A série passa longe da tensão e excelência de Battlestar Gallactica recém finalizada pelo mesmo canal, no entanto, serve como um passatempo até divertido de assistir, principalmente, pelos objetos curiosos que estão guardados no depósito (perdido no meio do nada) e são resgatados pelos agentes por terem “poderes especiais” quando utilizados.

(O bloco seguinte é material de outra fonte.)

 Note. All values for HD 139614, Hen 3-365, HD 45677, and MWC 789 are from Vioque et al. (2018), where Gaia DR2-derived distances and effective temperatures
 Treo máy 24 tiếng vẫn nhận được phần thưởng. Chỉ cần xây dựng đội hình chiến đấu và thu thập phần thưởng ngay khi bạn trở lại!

darkblueDARK BLUE: novo drama policial com produção de Jerry Bruckheimer (franquia CSI), apostando numa temática mais adulta e tensa. A série promove o retorno de Dylan McDermott (da série O Desafio/The Practice e da fracassada Big Shots), no papel de Carter Shaw chefe dedicado de uma equipe que trabalha secretamente infiltrada no mundo do crime. Sua equipe conta com a presença de Ty Curtis, um policial recém-casado que teve um envolvimento extra conjugal durante o período em que esteve infiltrado; Dean Bendis, um policial que vive ultrapassando a linha que divide a policia do crime organizado; e Jamie Allen, uma novata na equipe que ainda está aprendendo os truques da profissão.

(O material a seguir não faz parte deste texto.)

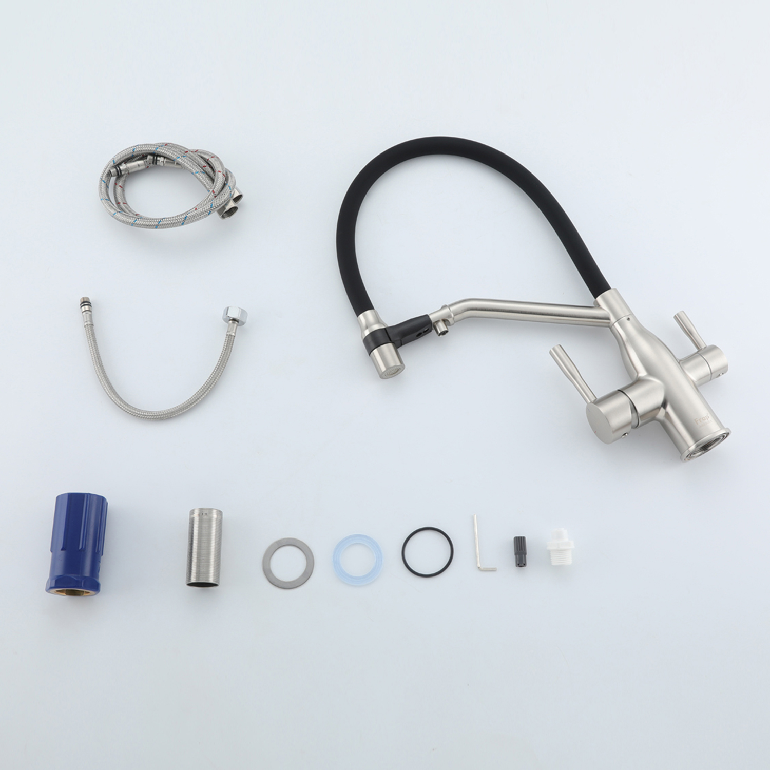 Комплектация товара Смеситель для кухни с гибким изливом Frap F4397-5 зависит от конкретной поставки и может меняться поставщиком без предварительного уведомления!

Num primeiro momento, a série lembra recentes sucessos como Infiltrados (no cinema), o trabalho de agentes infiltrados em organizações criminosas, e The Shield (TV), série policial que aboradava o lado mais cru da polícia. Nestes primeiros episódios, a série mostrou que abordará os personagens nas suas missões, sempre por debaixo dos panos, e como isto afeta suas vidas particulares. Até aqui (visto 2 episódios) posso comentar que a série é muito bem produzida (marca dos trabalhos de Bruckheimer) e tem preendido minha atenção, somente fico com uma “pulga atrás da orelha” quanto a narrativa da série, é um pouco absurdo que cada caso da semana da série seja sobre um agente já trabalhando infiltrado, quando sabemos que missões assim levam meses para serem planejadas e colocadas em prática, isto diminui o impacto dramático da série.